Required work — In the listing below, find the line that contains "物兮物大师系列 梵高 莫奈 达芬奇玩偶 戴珍珠耳环的少女钩织挂件" and the line that contains "6月限定の組み合わせです。右:枝垂れ藤の図訪問着 一式42000円 →". Quote both and every line between them, exactly, and nothing more.

Data supplied —
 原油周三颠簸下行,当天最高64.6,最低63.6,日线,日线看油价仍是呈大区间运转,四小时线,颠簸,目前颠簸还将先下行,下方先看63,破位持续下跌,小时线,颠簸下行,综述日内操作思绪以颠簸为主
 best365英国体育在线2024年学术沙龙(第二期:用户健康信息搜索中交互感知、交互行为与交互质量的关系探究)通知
...
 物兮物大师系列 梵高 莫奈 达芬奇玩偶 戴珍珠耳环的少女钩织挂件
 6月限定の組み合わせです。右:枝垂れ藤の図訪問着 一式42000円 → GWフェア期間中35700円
==
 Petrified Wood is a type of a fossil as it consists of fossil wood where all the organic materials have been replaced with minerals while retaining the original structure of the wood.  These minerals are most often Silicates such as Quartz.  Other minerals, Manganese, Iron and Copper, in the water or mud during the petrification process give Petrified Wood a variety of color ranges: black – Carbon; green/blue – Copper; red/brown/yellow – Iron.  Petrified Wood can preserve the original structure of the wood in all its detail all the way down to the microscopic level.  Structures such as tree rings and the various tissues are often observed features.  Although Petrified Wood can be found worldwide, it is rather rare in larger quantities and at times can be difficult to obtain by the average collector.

Output —
 物兮物大师系列 梵高 莫奈 达芬奇玩偶 戴珍珠耳环的少女钩织挂件
 6月限定の組み合わせです。右:枝垂れ藤の図訪問着 一式42000円 → GWフェア期間中35700円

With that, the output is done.